An die Fenster umliegender Häuser fuhren neugierige Gesichter, den Kleinen im Kampfe mit Pflicht und Selbsterhaltung beobachtend. Der Kampf war sogleich entschieden, die Pflicht trug einen glänzenden Sieg davon, und das Herrchen nahte der Hofthüre des gebannten Hauses. Da wurde ein Fenster aufgerissen, und eine ergraute schwarze Frau schickte ihre Stimme in gellenden Schreckenstönen über die Straße.
»Herr Hochwürdiger, – Herr Hochwürdiger!«
Frohmann schaute um, die Alte winkte heftig.
»Kommen Sie doch ein bischen herüber!«
Er folgte der Einladung.
»Um Gotteswillen, Herr Hochwürdiger, gehen Sie ja nicht in das Haus, – die Pest ist darin. Alles muß sterben, was in dem Haus' ist. Da sieht man recht Gottes Strafgericht! Vor ein paar Tagen haben die Mohre Sie noch beschimpft, und jetzt müssen Alle sterben, – sterben ohne Gnad' und Barmherzigkeit. Und wer hineingeht, muß auch sterben, weil er die Pest erbt.

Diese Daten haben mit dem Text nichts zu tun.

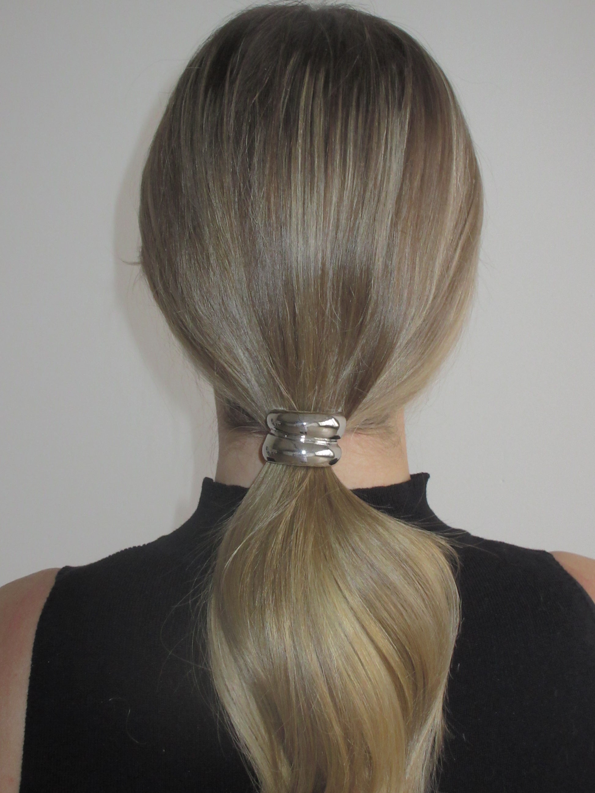 The Mini Double Arch Hair Tie features a sleek and minimal double cuff design - wear as a hair tie or wrist accessory to elevate any outfit.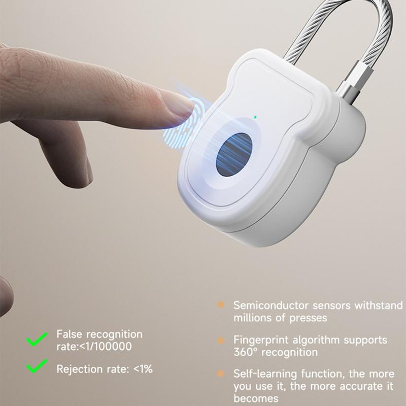 Dieses intelligente Vorhängeschloss verwendet einen Halbleiter-Fingerabdrucksensor, der bis zu 20 Fingerabdrücke speichern kann. Der selbstlernende Algorithmus verbessert die Genauigkeit im Laufe der Zeit und sorgt für eine schnellere und zuverlässigere Entriegelung bei jedem Gebrauch.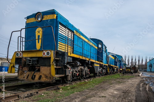 big russian locomotive in the repair workshop for old trains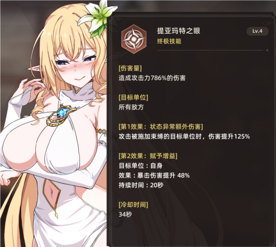 大招:本身比率略低,但是配合木弓之后增强了不少,并且释放后有一个20秒的超级增伤buff。再配合3(增加自身魔攻),4(增加爆伤和爆率)两个增伤被动技能纯纯的数值怪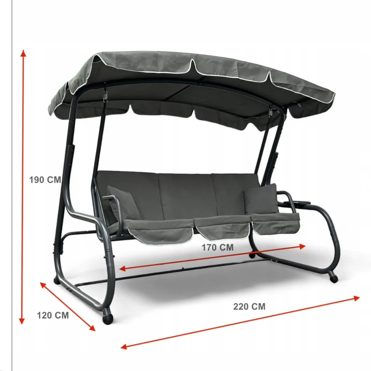 Przestronna, wolnostojąca huśtawka ogrodowa 3-osobowa sprawdzi się idealnie na tarasie, w ogrodzie lub na działce. Solidna stalowa konstrukcja z malowaniem proszkowym gwarantuje wytrzymałość oraz odporność na warunki atmosferyczne. Została zaprojektowana z myślą o komforcie — wygodne siedzisko (długość ok. 170 cm) pozwala swobodnie usiąść lub się zdrzemnąć, a regulowany daszek chroni przed słońcem i lekkim deszczem.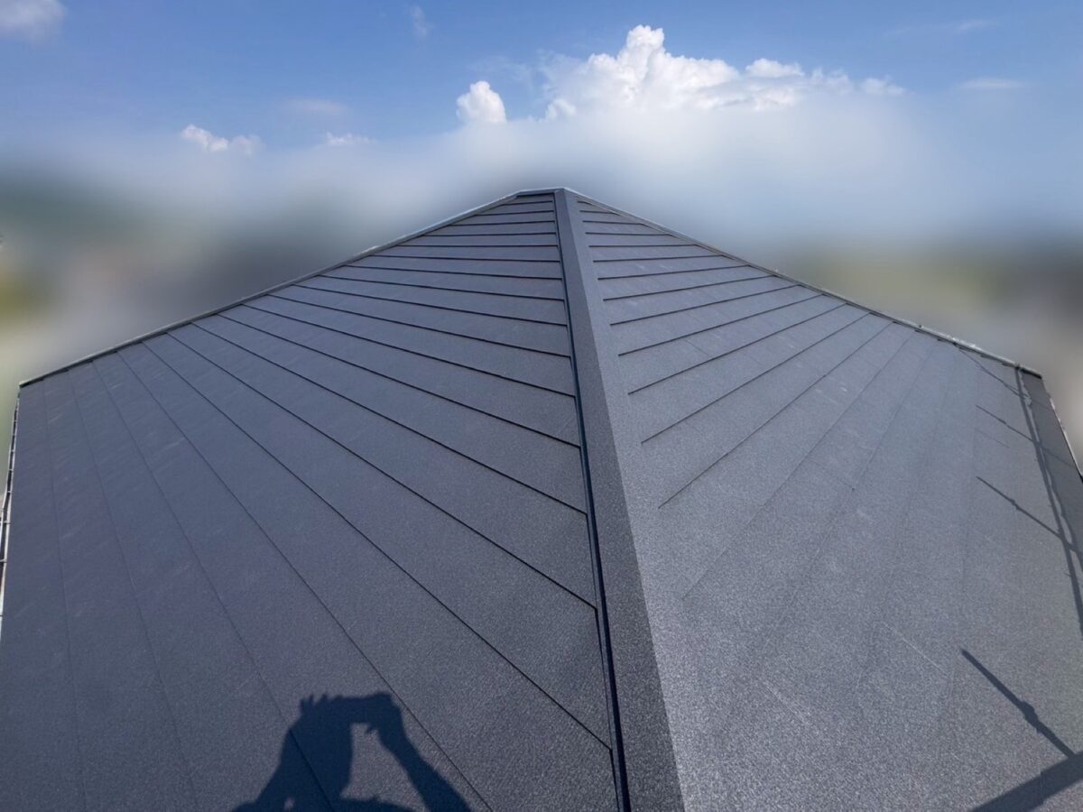 今回は 福泉工業のシルキーG2 を使用しました。こちらは、遮熱ちぢみ塗装 ウレタン一体型ガルバリウム鋼板屋根材で、断熱材一体型です。断熱性・防露性・軽量性・耐候性に優れ、見た目もシャープで雰囲気もよく、弊社の工事ではよくお客様に選ばれています。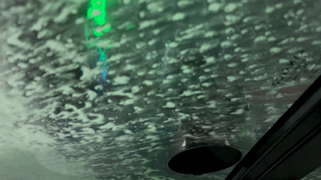 把手机固定在车上,然后开到自动洗车机里,用洗车机的高压水柱、碱性洗涤剂和鼓风机给手机也「洗个澡」。考虑到手机正面开口更多,在高压水柱下更容易出问题,所以三款手机都用手机支架固定在车顶。CAT S22 Flip 因为尺寸问题,手机支架夹不住,所以翻开盖子使用大力胶固定。三台手机分别进行测试,每台手机测试两次。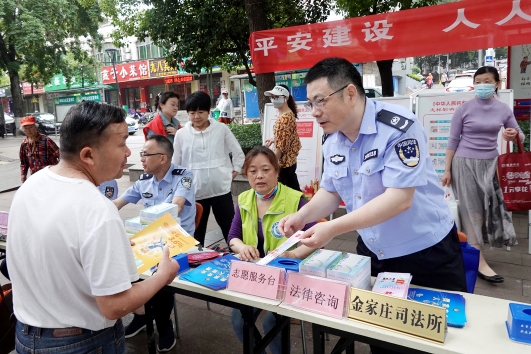 5月30日,安徽省馬鞍山市花山區(qū)金家莊街道組織開展以“平安建設(shè) 人人參與”為主題的廣場(chǎng)宣傳活動(dòng)。圖為金家莊司法所工作人員正在接受群眾咨詢。法治日?qǐng)?bào)全媒體通訊員 胡智慧 汪華 攝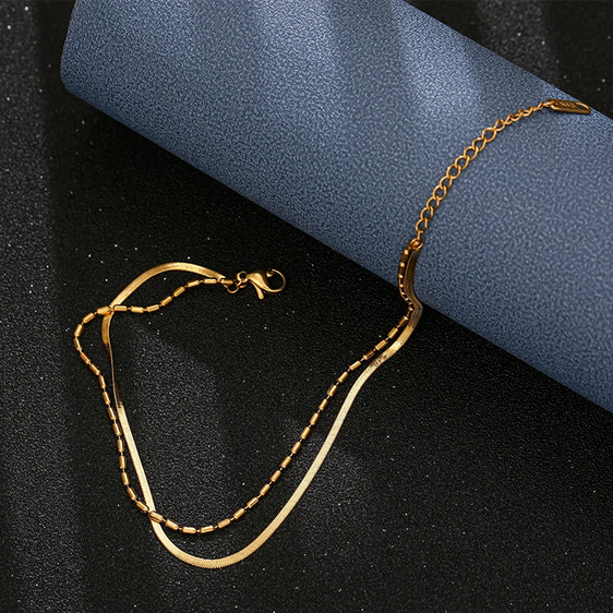 Dodaj zmysłowego blasku swoim letnim stylizacjom i pięknie podkreśl opaleniznę! Ta zjawiskowa, złota bransoletka na kostkę to absolutny "must-have" na nadchodzący sezon. Wyróżnia się niezwykle modną, podwójną konstrukcją, która tworzy bogaty efekt warstwowy (layering). Zbudowana jest z dwóch połączonych łańcuszków: klasycznej, gładkiej płaskiej żmijki, która wspaniale odbija promienie słoneczne, oraz drugiego łańcuszka ozdobionego drobnymi, podłużnymi koralikami. Takie zestawienie prezentuje się na nodze bardzo nowocześnie i ekskluzywnie.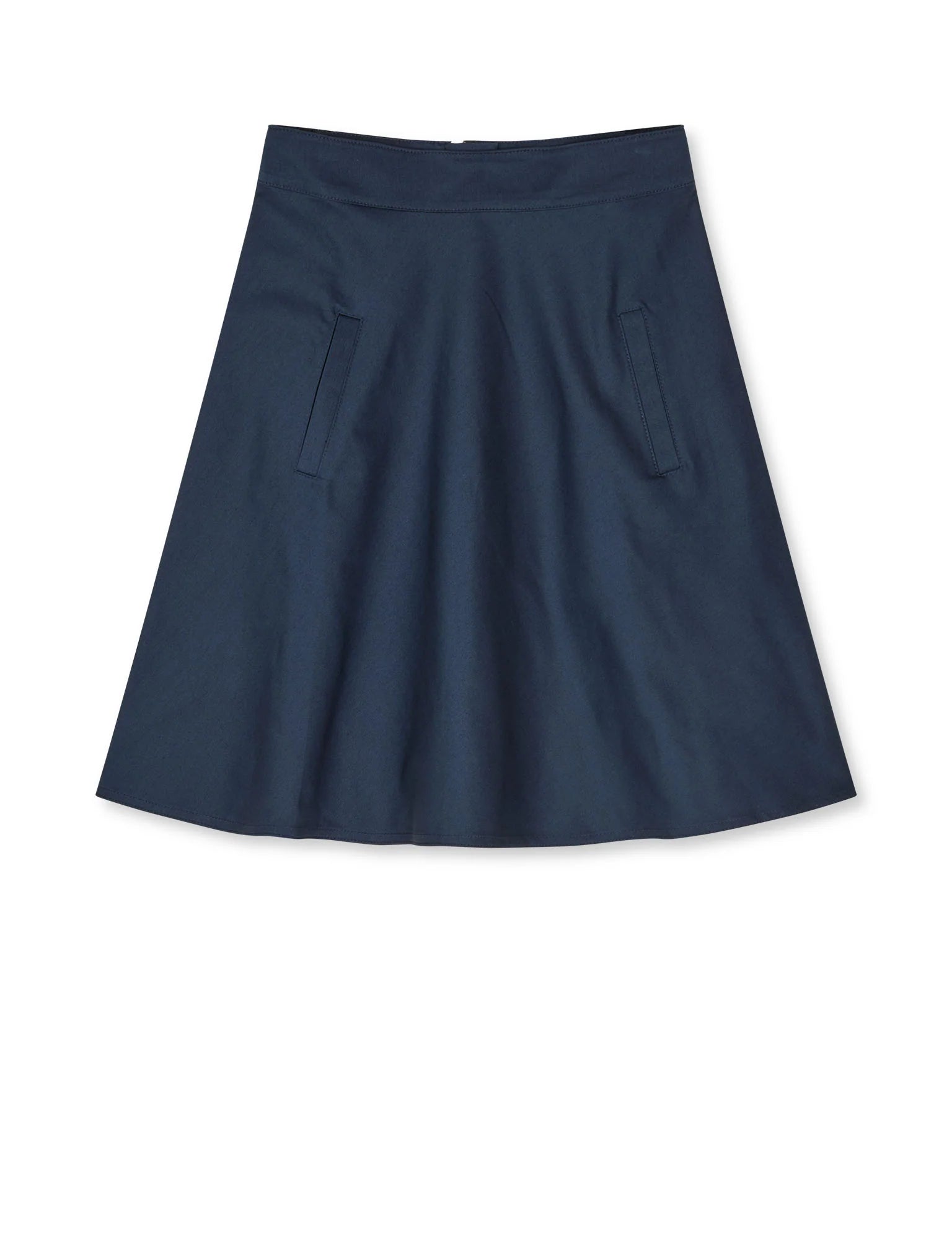 Twilla Stelly Skirt er et tidløst og sofistikert skjørt som når rett til kneet og har en høy midje for en flatterende silhuett. Den A-formede passformen gir bevegelse, mens de skrå lommene og den usynlige glidelåsen bak tilfører en praktisk og elegant finish. Dette skjørtet er perfekt for både formelle og uformelle anledninger.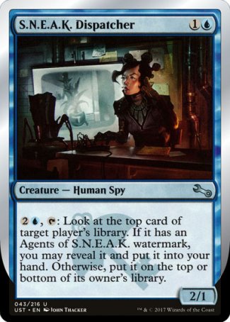 ,  : Look at the top card of target player's library. If it has an Agents of S.N.E.A.K. watermark, you may reveal it and put it into your hand. Otherwise, put it on the top or bottom of its owner's library.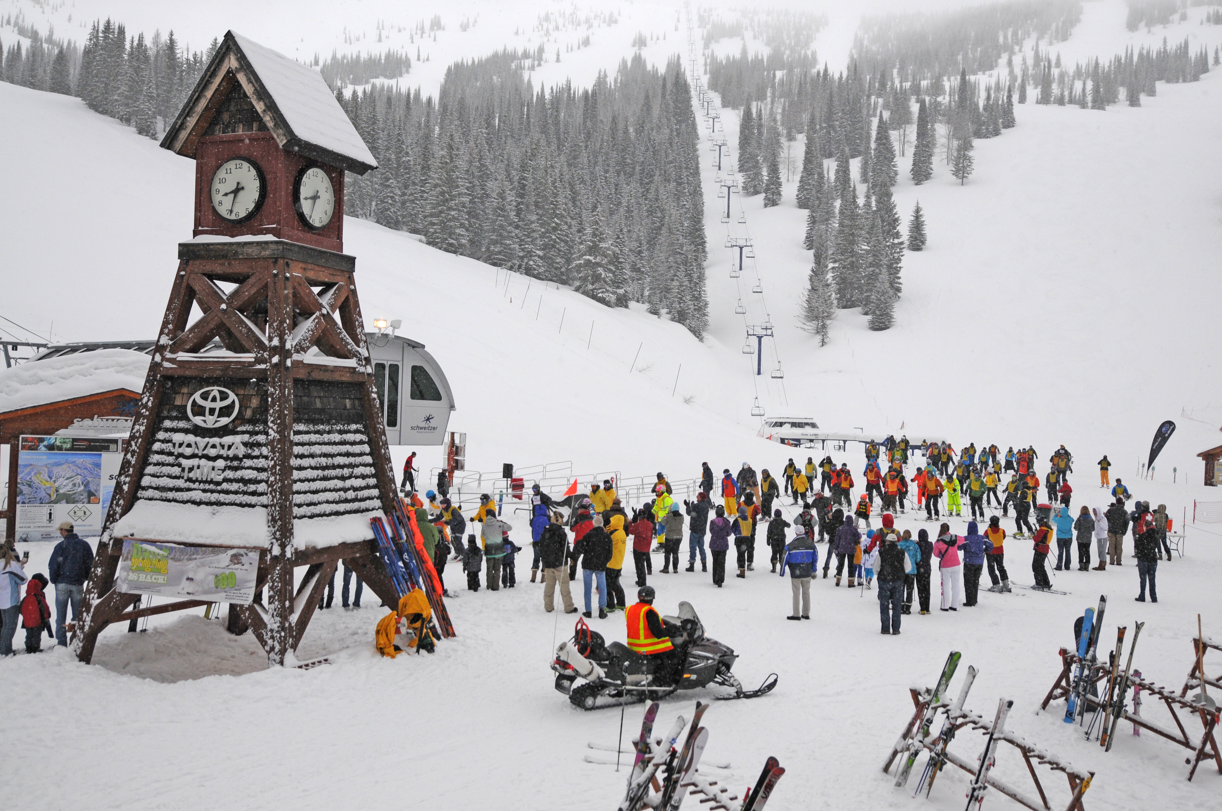 Schweitzer Mountain Resort stayed open all night, with lift operators encouraging participants throughout the evening, ski patrol on stand-by to provide assistance, events crews coordinating rope lines and signage, and employees helping with lodging and meals. More than 40 volunteers helped around the clock with planning, coordination and on-site assistance at the ski event and auction.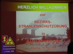 Am 25.03.2006 fand die Bezirksstrahleneinsatzübung in Bad Leonfelden statt. Diese Übung wurde von der Freiwilligen Feuerwehr Bad Leonfelden ausgearbeitet und fand auf Grund der Schneemengen im Feuerwehrhaus statt. Der Schwerpunkt dieser Übung war die Dekontamination strahlenbehafterer Personen und Sachen. Zu diesem Zweck wurde die Dekontaminationsstasse des Landesfeuerwehrkommandos an einem Modell vergeführt. Weiters wurde vom Kameraden Hraba aus Schenkenfelden ein Theorieblock zur diesem Thema im Lehrsaal vorgeführt. Nach dem Theorieteil versuchten wir das gehörte Wissen in die Praxis umzusetzen. Es wurde eine behelfsmässige Dekostrasse aufgebaut und mit einem Spürtrupp getestet.

Gehen Sie darum ja nicht hinein, – an Denen ist doch nichts zu bessern.«
»Wohnt Mohr in dem Hause?« frug der Geistliche.
»Freilich, der rothe Mohr, der jeden Tag flucht, wie ein Türk', der nicht an Gott und das Allerheiligst' glaubt, der gesagt hat, es wär' ihm ein Hauptspaß, wenn er alle Pfaffen aufhängen dürft'.«
»Wenn Mohr an der Seele noch kränker ist, als am Leibe,« sprach der Geistliche, »so bedarf er vor Allem des Seelenarztes.«
Er grüßte freundlich und schritt auf das geächtete Haus los.
Die schwarze Frau sah Frohmann unter dem Eingange verschwinden, und sie schlug entsetzt die Hände zusammen.
»Heilige Mutter Gottes, er geht wahrhaftig hinein, – er ist verloren! Das arme – arme Herrchen!«
Gleicher Ansicht waren alle Nachbarn, welche das vermessene Unternehmen beobachteten. – Auch die gesunden Mohre gewahrten den drohenden Ueberfall des kleinen Schwarzen.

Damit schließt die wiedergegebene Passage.